- _Problem to work on_:
Exactly as written, retype the lines that run from the line holding "Anna admitted to" through the end of the records below. Do not include pictures.

(Saved entries)
'''
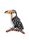 Featuring a black handcrafted toucan brooch with glass bead embroidery, cotton thread, nylon thread, metallic thread and leather backing, set in brass. Pin brooches on jackets, scarves, or bags to add a personalized touch and instantly elevate even the simplest outfit.
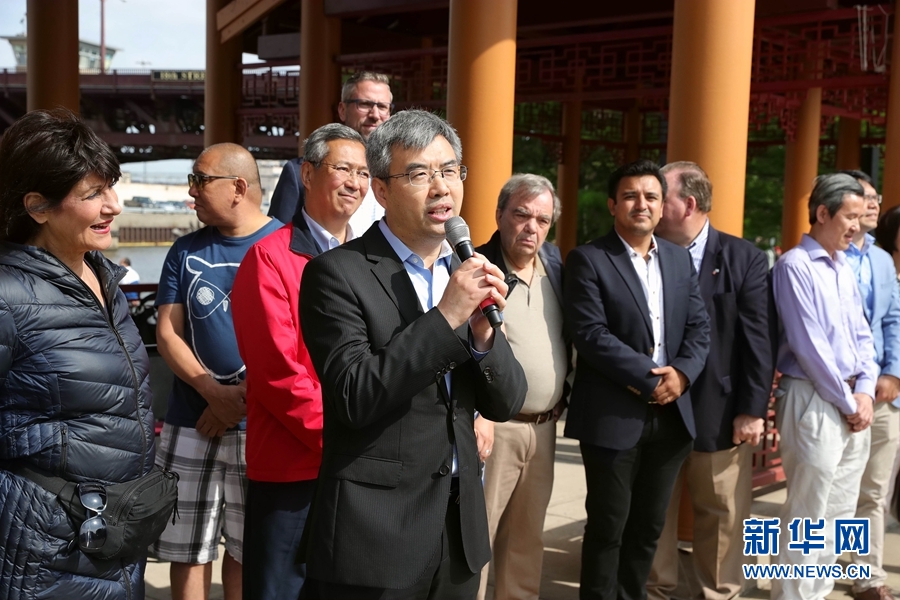 中國駐芝加哥總領(lǐng)事趙建在龍舟賽開幕式上說,比賽對于傳承中華文化、促進(jìn)華人社區(qū)與其他社區(qū)交流意義重大。記者 汪平 攝
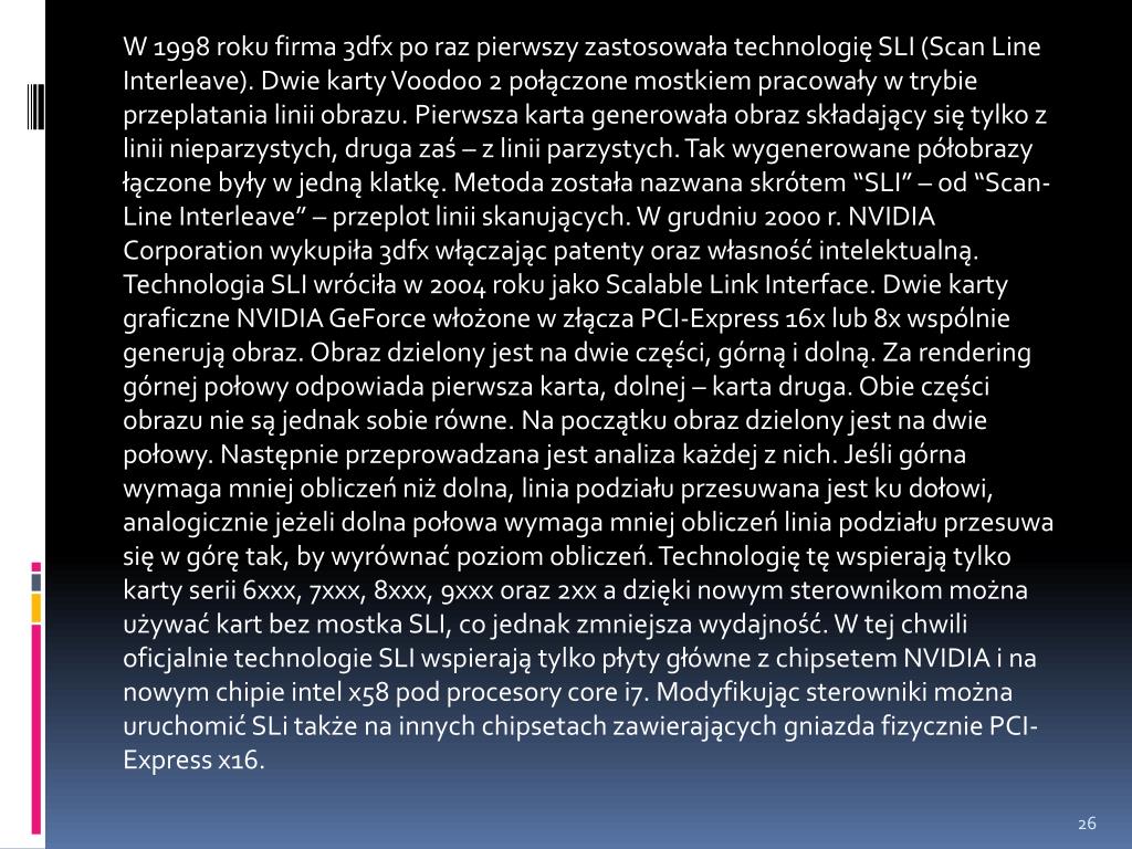W 1998 roku firma 3dfx po raz pierwszy zastosowała technologię SLI (Scan Line Interleave). Dwie karty Voodoo 2 połączone mostkiem pracowały w trybie przeplatania linii obrazu. Pierwsza karta generowała obraz składający się tylko z linii nieparzystych, druga zaś – z linii parzystych. Tak wygenerowane półobrazy łączone były w jedną klatkę. Metoda została nazwana skrótem “SLI” – od “Scan-Line Interleave” – przeplot linii skanujących. W grudniu 2000 r. NVIDIA Corporation wykupiła 3dfx włączając patenty oraz własność intelektualną. Technologia SLI wróciła w 2004 roku jako Scalable Link Interface. Dwie karty graficzne NVIDIA GeForce włożone w złącza PCI-Express 16x lub 8x wspólnie generują obraz. Obraz dzielony jest na dwie części, górną i dolną. Za rendering górnej połowy odpowiada pierwsza karta, dolnej – karta druga. Obie części obrazu nie są jednak sobie równe. Na początku obraz dzielony jest na dwie połowy. Następnie przeprowadzana jest analiza każdej z nich. Jeśli górna wymaga mniej obliczeń niż dolna, linia podziału przesuwana jest ku dołowi, analogicznie jeżeli dolna połowa wymaga mniej obliczeń linia podziału przesuwa się w górę tak, by wyrównać poziom obliczeń. Technologię tę wspierają tylko karty serii 6xxx, 7xxx, 8xxx, 9xxx oraz 2xx a dzięki nowym sterownikom można używać kart bez mostka SLI, co jednak zmniejsza wydajność. W tej chwili oficjalnie technologie SLI wspierają tylko płyty główne z chipsetem NVIDIA i na nowym chipie intel x58 pod procesory core i7. Modyfikując sterowniki można uruchomić SLi także na innych chipsetach zawierających gniazda fizycznie PCI-Express x16.
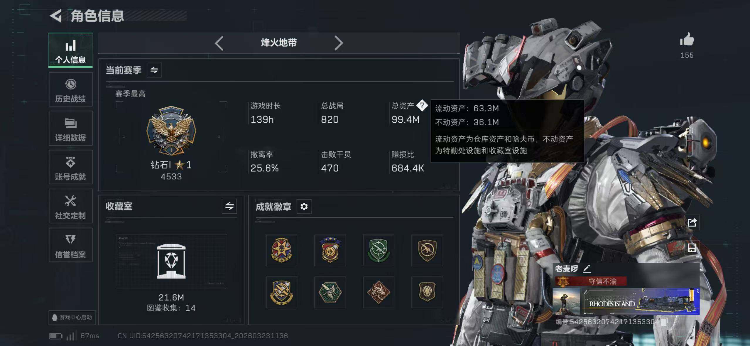 【SJ1513】98m总资产-1063k哈夫币-60烽火等级-钻石-21战场等
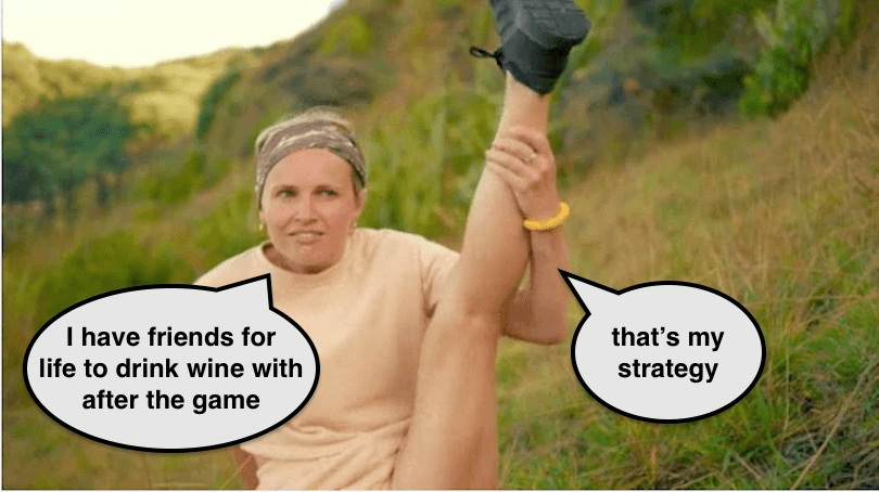 Anna admitted to dreading the alliances and “all that sort of stuff” in CTI, but give the woman some pirate pūtea, she’s playing the game with the best of them. In between keeping Richie sweet and the Katipō women sweeter, Anna pivoted from tactical chat to ovarian cysts in a single breath, just to keep Richie from finding out about the top secret Ovary Agreement. What tactics? No tactics here, your honour.
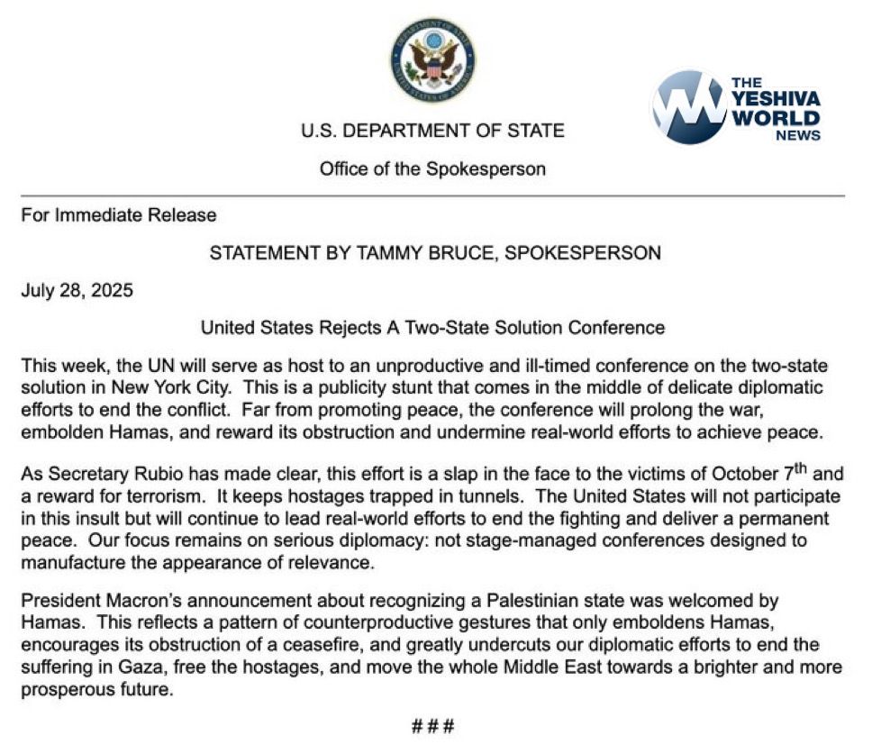 U.S. rejects UN conference on a two-state solution, calling it a stunt that emboldens Hamas, according to the State Department. Secretary Rubio says it rewards terrorism and undermines peace efforts.
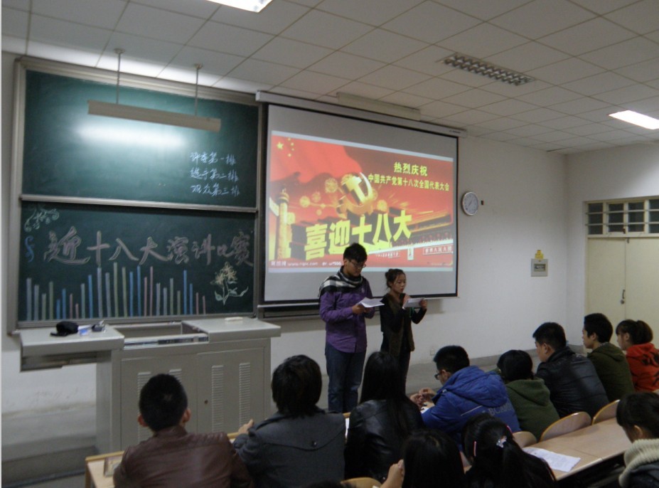 党的十八大胜利闭幕,为了深入学习和贯彻党的十八大精神,11月19日晚7点,黑料不打烊 艺术与传媒黑料不打烊 以“重温经典,喜迎十八大”为主题的演讲比赛在未央校区教学楼B501顺利举行。
'''
- _Solution below_:
 Anna admitted to dreading the alliances and “all that sort of stuff” in CTI, but give the woman some pirate pūtea, she’s playing the game with the best of them. In between keeping Richie sweet and the Katipō women sweeter, Anna pivoted from tactical chat to ovarian cysts in a single breath, just to keep Richie from finding out about the top secret Ovary Agreement. What tactics? No tactics here, your honour.
 U.S. rejects UN conference on a two-state solution, calling it a stunt that emboldens Hamas, according to the State Department. Secretary Rubio says it rewards terrorism and undermines peace efforts.
 党的十八大胜利闭幕,为了深入学习和贯彻党的十八大精神,11月19日晚7点,黑料不打烊 艺术与传媒黑料不打烊 以“重温经典,喜迎十八大”为主题的演讲比赛在未央校区教学楼B501顺利举行。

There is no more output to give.